Guest blogger, Robert Bruce, went on an apposite walk on Sunday.
“Yesterday, in need of exercise on a bright Spring day, I walked down to the Italian Gardens at the north side of Kensington Gardens. I made sure that I was socially distancing all the way. Though this was relatively easy. Not many people about.
I went to that part of the gardens to go and see an important person in these difficult and dangerous times. I went to see Jenner.
He was, as you probably remember, the man who discovered how immunisation worked and opened up the possibilities and astonishing benefits of vaccines. And, yesterday as you can see, he was an exemplar of social distancing.
I had hoped he might provide some advice, or pointers, as to where we are with the coronavirus. Sadly he remained statue like in his silence. But if you look closely he appears to have a rolled up document under his arm. Could this be his considered opinions and advice on what we should do next? His latest work? Maybe a report detailing strategies and actions to bring these infections to an end? I hope so.”

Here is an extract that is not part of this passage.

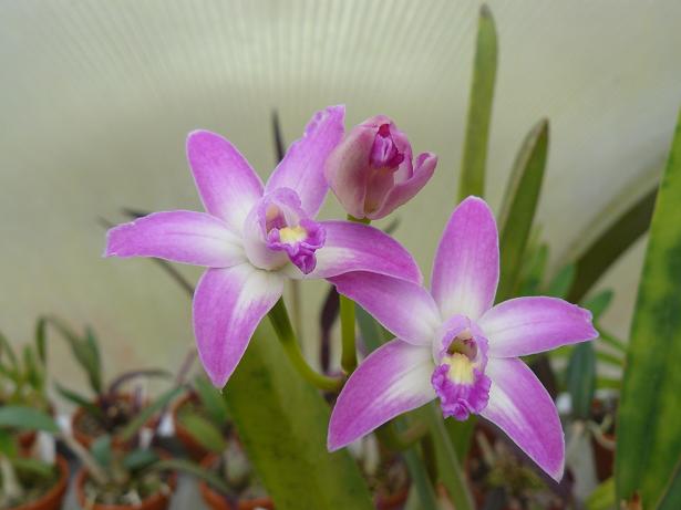 Rozkvetla další z rupikolních lélijí - Laelia rupestris. Je to impozantní rostlina s největším výhonem 40cm velkým (je to asi největší rupikola). Na srovnávací fotografii je zprava nakvétající L. caulescens a vlevo L. liliputana (nejmenší rupikola). Květy jsou v porovnání s rostlinou celkem malé (4,5 x 4,5cm), ale zato pěkně vybarvené. Jako všechny rupikoly pochází z Brazilie (Minas Gerais, Bahia), kde roste ve výšce 400 - 800 metrů. Patří k monzunovým lélijím.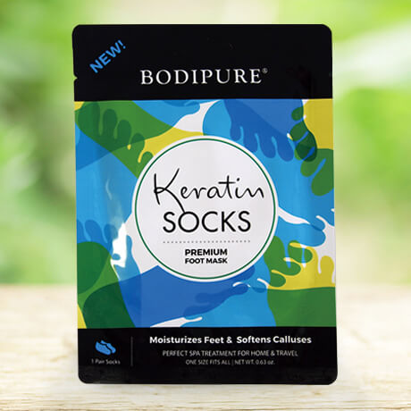 ソックスを袋から出し、2つに分けてください。清潔な足をソックスの中に入れ足首のところでストラップを留めます。中の美溶液で爪周りをやさしくマッサージし、そのまま10-20分程おき、浸透させて下さい。ソックスを取り外し、余った美容液をひざ下まで延ばしてマッサージして下さい。

What he is holding in his hand looks very like a very early example of loo roll. I think we can hold him responsible for encouraging the global hoarding that is going on in the face of the pandemic.
Dr Edward Jenner’s statue by Calder Marshall was to be unveiled by Prince Albert in Trafalgar Square but it appears he was not in the end able to do so and the statue stood in Trafalgar Square for only a few years before it was removed to Kensington Gardens after Albert’s death. Punch produced the following:
“England, ingratitude still blots
The escutcheon of the brave and free;
I saved you many million spots,
And now you grudge one spot to me.”
It was replaced by statues of Nelson, Napier and Havelock but Jenner is commemorated elsewhere round the world by various memorials in England, by the names of villages in Pennsylvania, a statue in the Tokyo National Museum and in the memorial east window of St Mary’s Church, Berkeley, Gloucestershire where he lived and practised as a doctor. Next door is Berkeley castle where the unfortunate King Edward II met his untimely end in 1327.